III.5. Eléments de narrativité

Il a été mentionné plus haut que la relation entre le sujet et l’objet est définie par l’investissement sémantique du désir. Elle est également conçue à travers le rapport actif-passif (le sujet est un être voulant, tandis que l’objet est un être voulu). C’est cette relation qui définit l’énoncé d’état.

 « Je veux apprendre de toi, et le flux verbal, et sa facture rythmique, et sa sonorité! » (1993, 222).

 « Mes fils, je veux voir mes trois fils » (1993 : 250).

 « Je me souviens que, pouvant utiliser une ligne de téléphone intérieure, j’étais désireuse de lui parler à n’importe quel moment, à voix basse comme s’il se trouvait tout près, puisqu’il se trouvait tout près: Vous êtes seul? Aurais-je demandé, —Oui!— Bavardons! » (1995 : 38).

 C’est d’ailleurs parce que tu as commencé enfin à te rapprocher de ce tournant (« élan brisé » : faut-il l’appeler ainsi?) en ce matin d’automne, boulevard Sadi-Carnot — transition suspendue au-dessus de ton corps tombé, puis de ton front redressé —, ce matin que tu as voulu oublier et que tu avais bel et bien fini par oublier. » (2007 : 396).
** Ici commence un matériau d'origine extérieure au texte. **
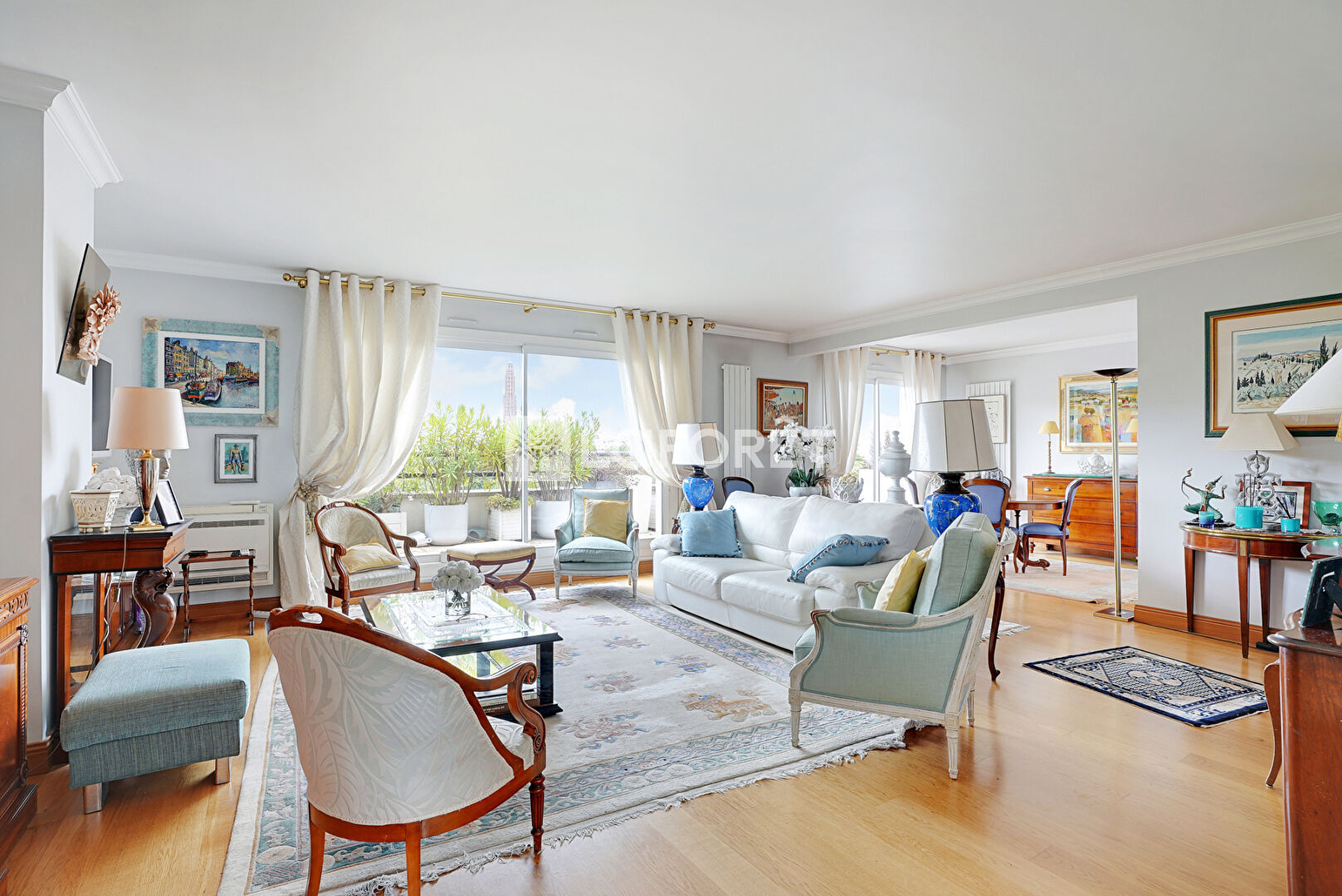 Un vaste séjour avec salle à manger (possibilité d'une 4ème chambre) qui s'ouvre sur une magnifique terrasse de 20 m² exposée sud-est, une cuisine indépendante, trois chambres, dont deux avec accès à un balcon, Une salle de bains, une salle d'eau , 2 wc dont un séparés
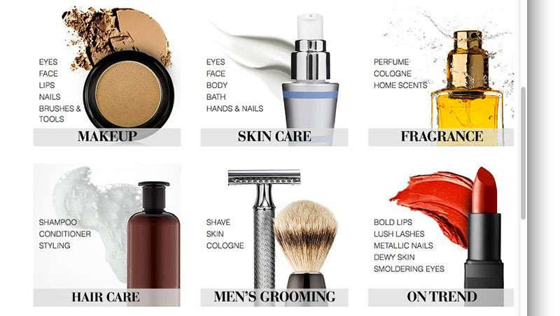 La tienda ofrece tres formas de búsqueda (contenido, marca y categoría) y se divide en siete secciones: maquillaje, cuidado de la piel, fragancias, capilar y productos de cuidado personal masculino
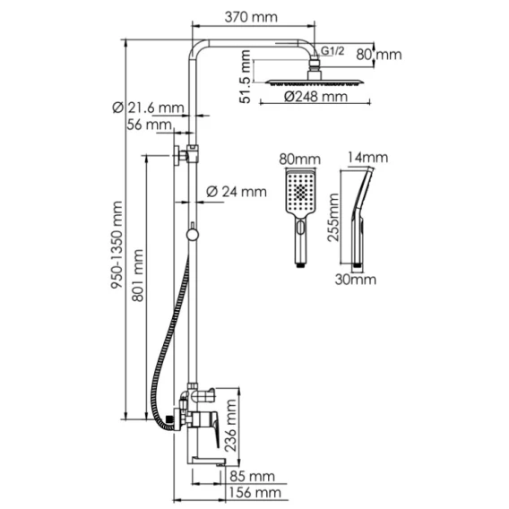 Душевая система 248 мм WasserKRAFT Aisch A155.259.201.BG
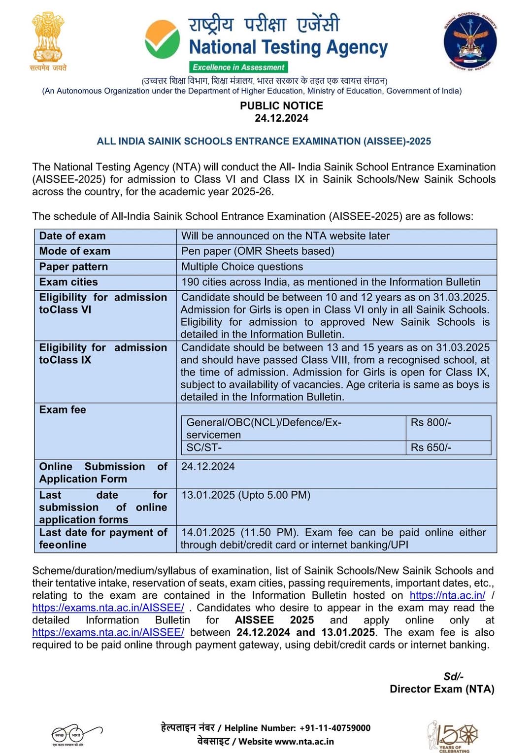SAINIK SCHOOL CLASS 6 & 9 ENTRANCE TEST NOTIFICATION
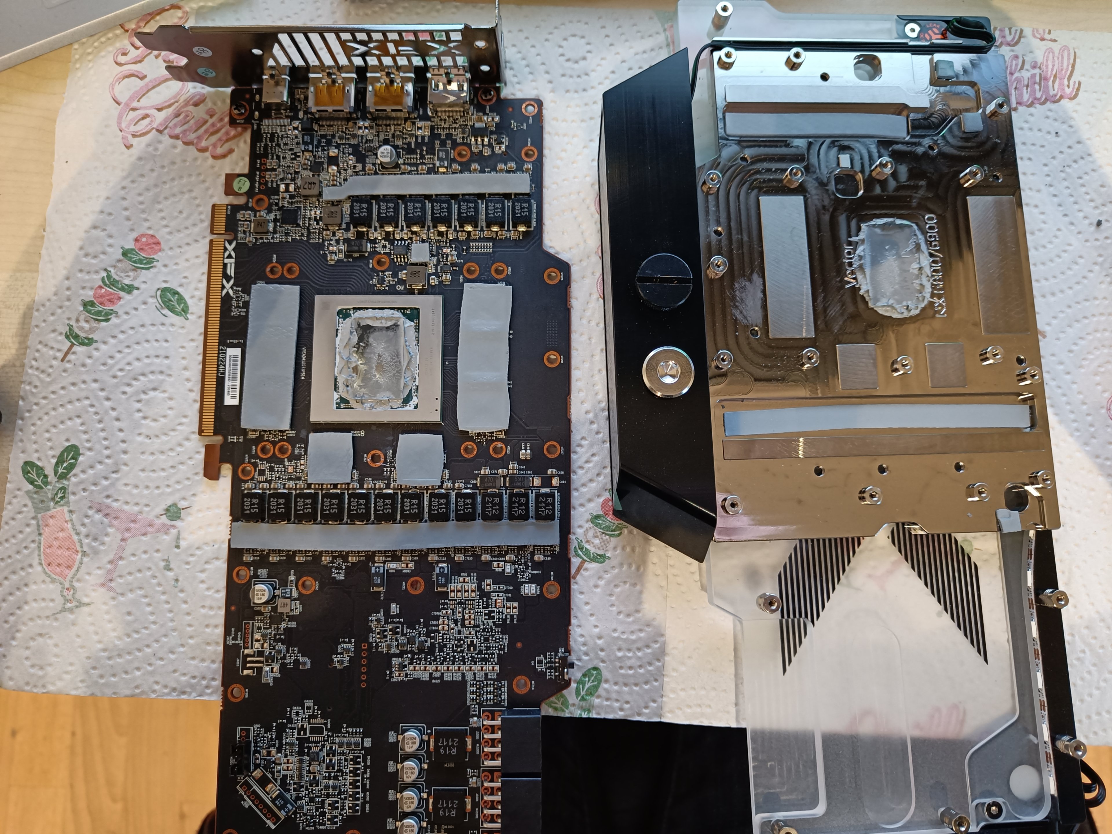 So, hab die Wärmeleitpaste doch schon heute erneuert. Die Pads auf der Vorderseite der Karte, wo die GPU sitzt, kamen bei mir allesamt unbeschädigt runter. Daher habe ich die wiederverwendet und lediglich die Pads von den Spulen entfernt, da tatsächlich keinerlei Kontakt bestanden zu haben scheint.
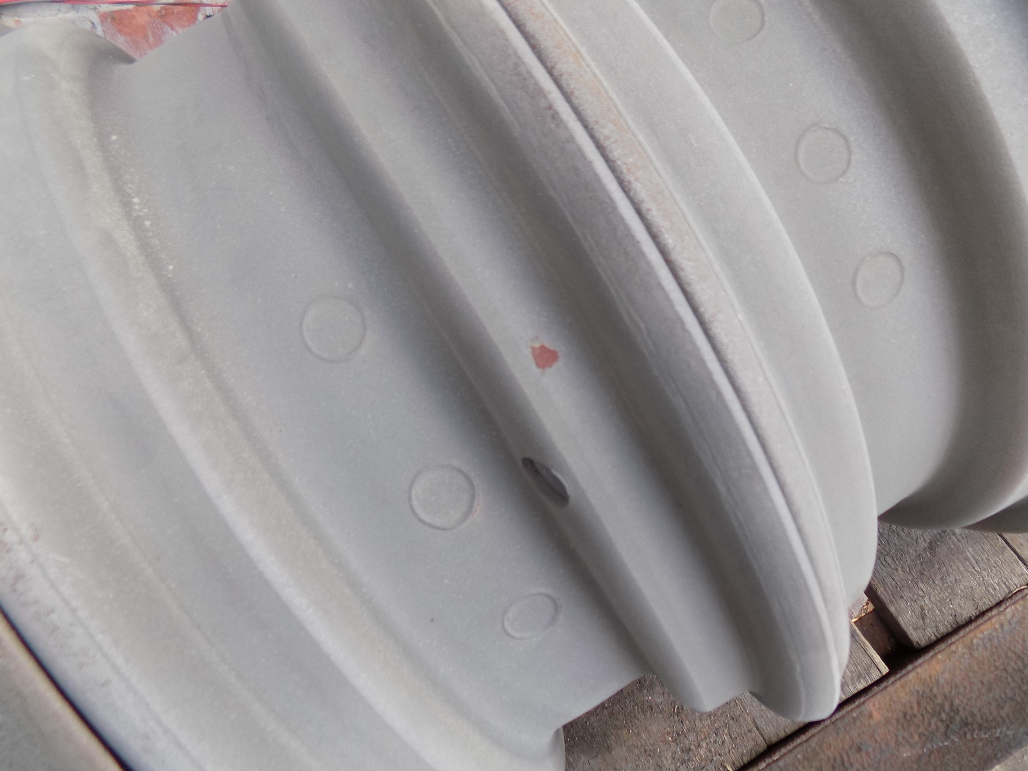 Oglądam je, a tutaj "reklamacja nadaje się do reklamacji". Coś tam więcej wyczyszczone ale dalej pełno niedoróbek. Oczywiście po dłuższej chwili spotyka mnie stary Florczyk i burczy, co ja mu tam łażę i czego szukam. Wreszcie spotykam tego robotnika, co to piaskował, a on wytłumaczył mi, że:
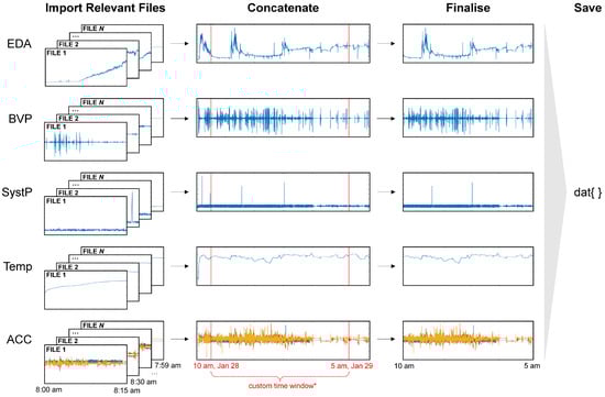 As mentioned in Section 1, to date, most researchers have neglected to state their approach to processing EmbracePlus data. The lack of detail in previous studies could be due to the fact that researchers depend on the aggregate data provided by Empatica’s proprietary algorithms. In such a case, it would be difficult to provide explicit details regarding how the data are processed. However, it is possible that some researchers also utilise their own custom scripts to process raw data but leave this unstated. Indeed, this is evident in some existing reports, which indicate the use of R, Python, or Matlab to process data but refrain from going into detail.
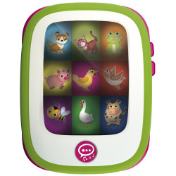 Edukacyjny tablet Baby Tab, który posiada 5 dydaktycznych funkcji. Dzięki aktywnościom, dzieci poznają zwierzęta i mogą bawić się z grami świetlnymi i melodyjkami.
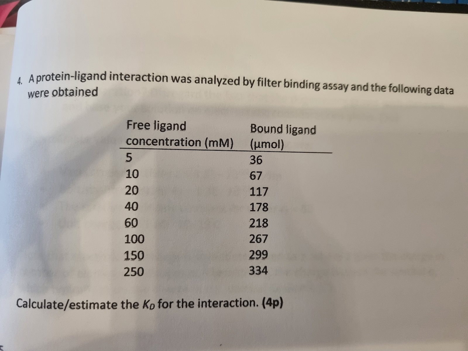 Och för att få full pott behöver du nog ange sambandet mellan 1/2 maxvärdet och Kd värdet, t.ex. genom ekvationen/reaktionen för dissociationen, med antagandet att förhållandet mellan ligand och protein är 1:1.
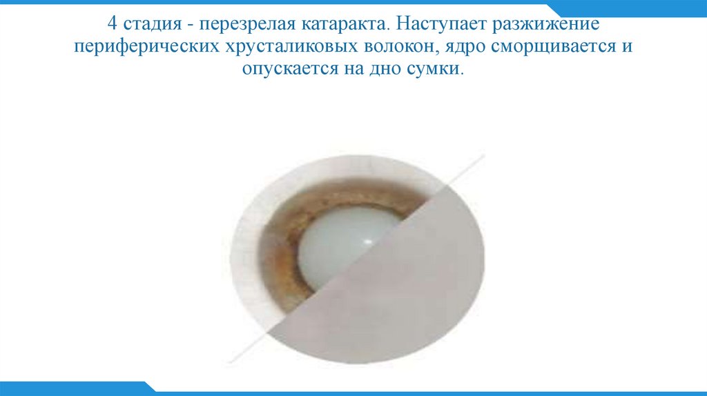 4 стадия - перезрелая катаракта. Наступает разжижениепериферических хрусталиковых волокон, ядро сморщивается и
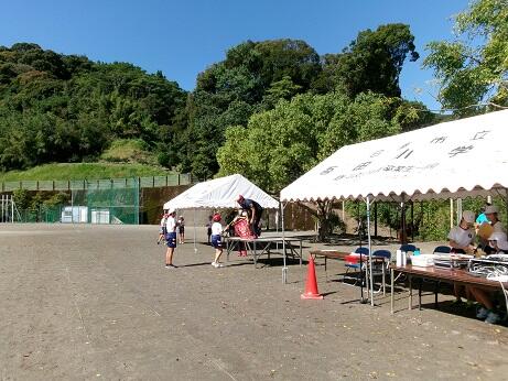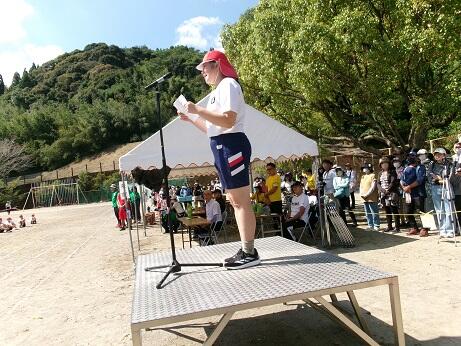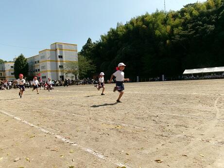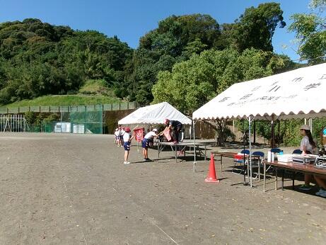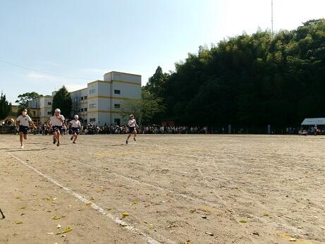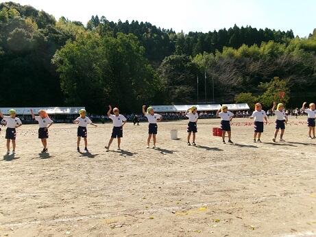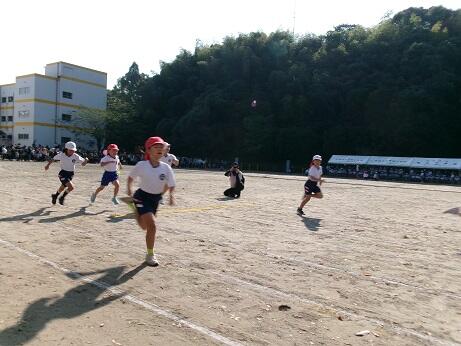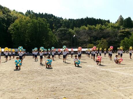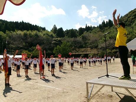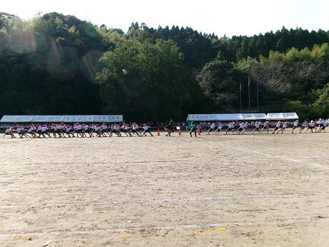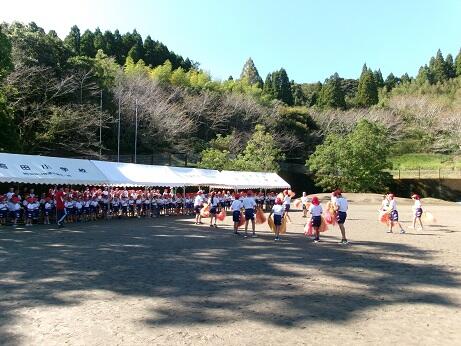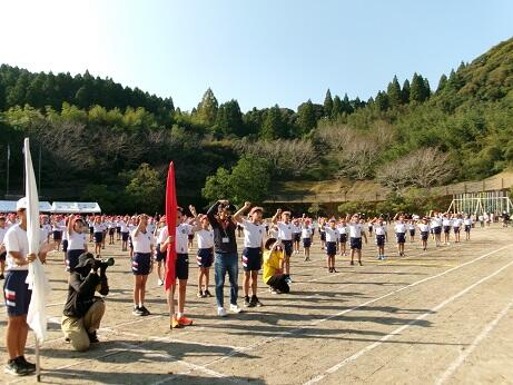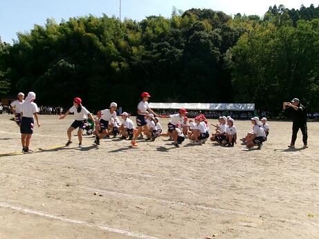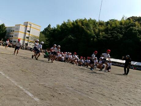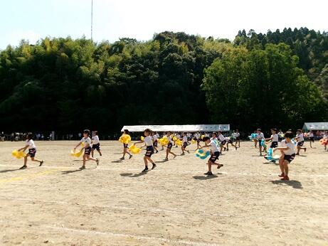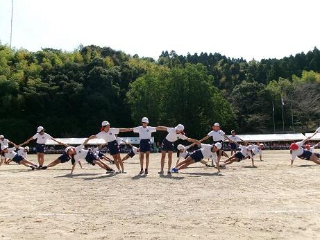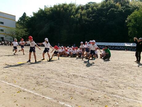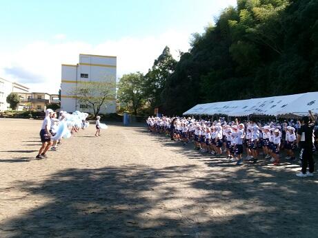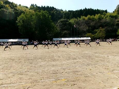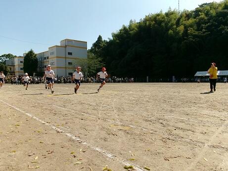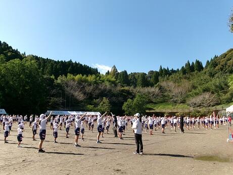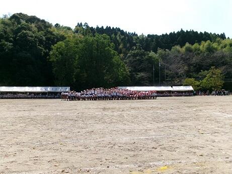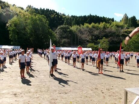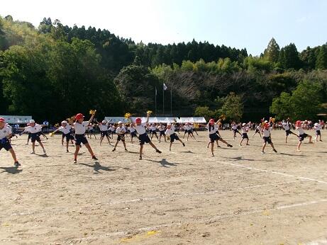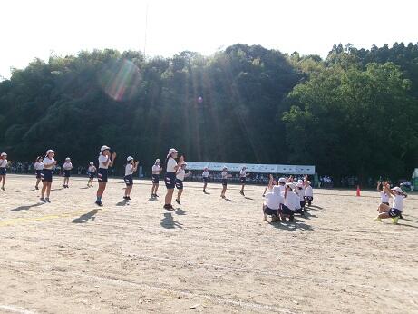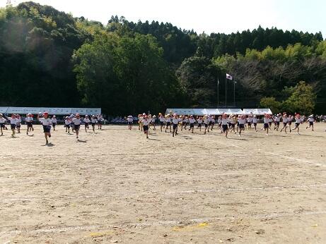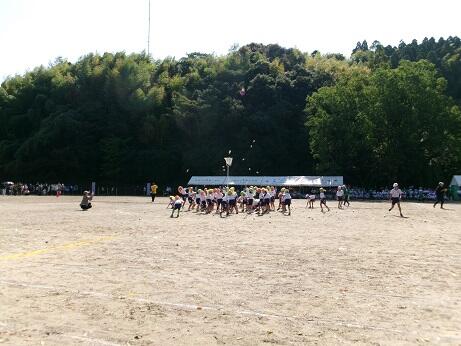 空の青さがくっきりとしている秋晴れの中、全校児童がよくがんばっていました。
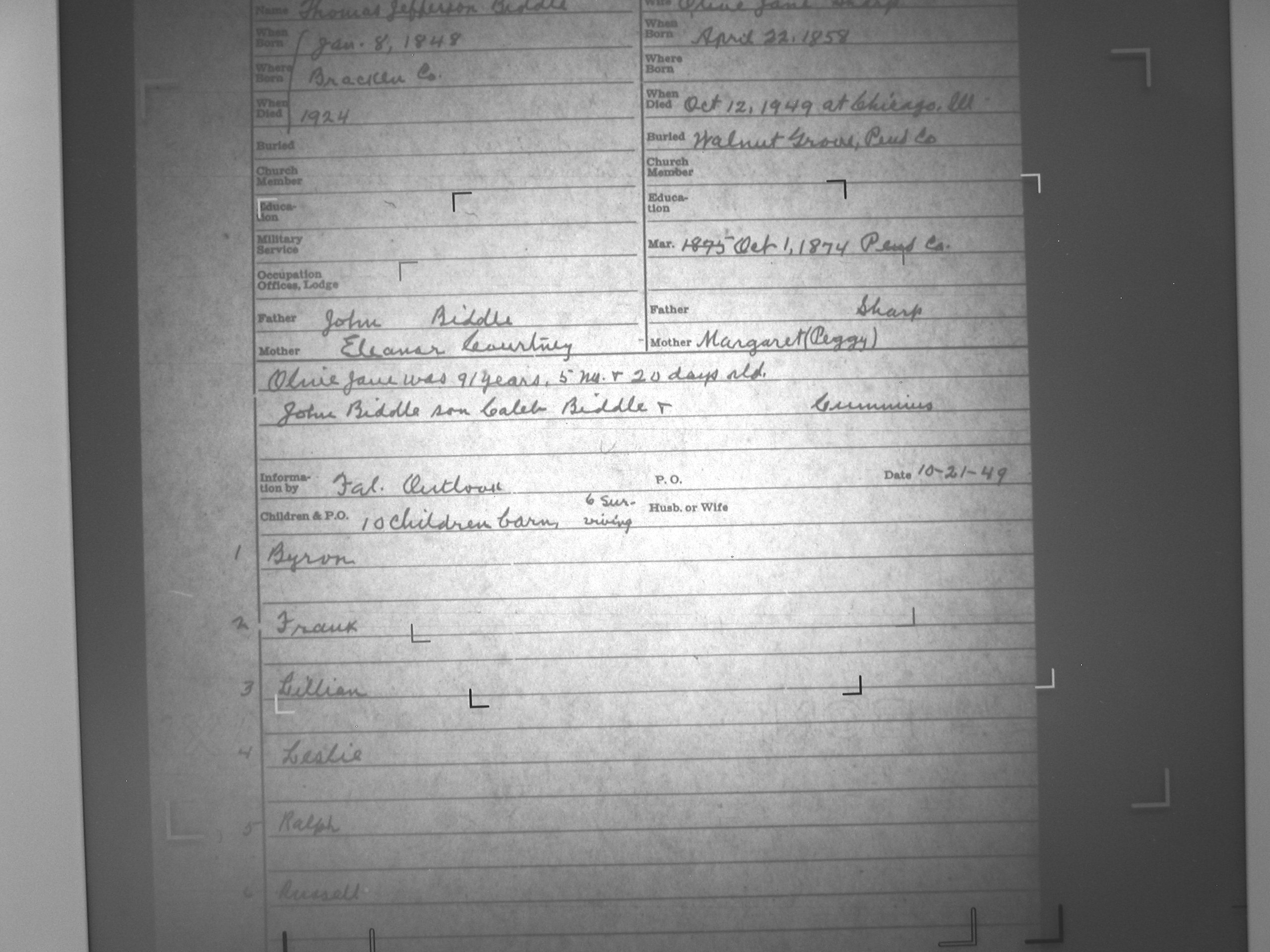 Thomas Jefferson Biddle, s/o John Biddle and Eleanor
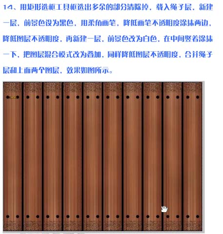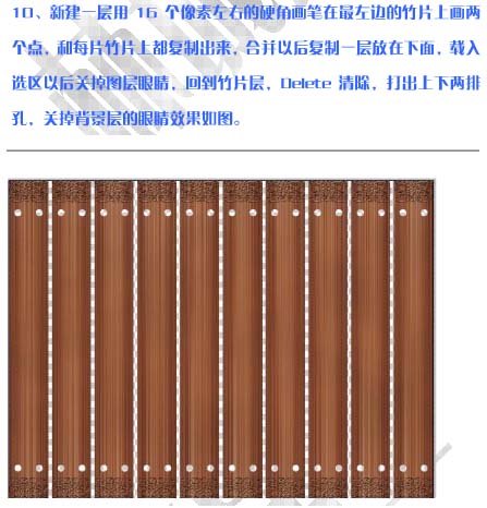10、新建一層用16個像素左右的硬畫筆在最左邊的竹片上畫兩個點,和每片竹片上都復制出來,合并以后復制一層放到下面,載入選區(qū)以后關掉圖層眼睛,回到竹片層,delete清除,打出上下兩排孔,關掉背景層的眼睛效果如圖。

Il est remarquable dans ces exemples que l’actant féminin sort de la passivité qui lui est assignée sémantiquement. Il en résulte une position active par le biais de la modalité du vouloir.

Dans ces exemples, comme dans les trois récits qui constituent notre corpus, il s’agit de la position d’un élément par rapport à un autre élément. Cette relation est avancée en termes de jonction qui permet de « considérer ce sujet et cet objet comme sémiotiquement existant l’un pour l’autre » (Greimas, 1973 : 19).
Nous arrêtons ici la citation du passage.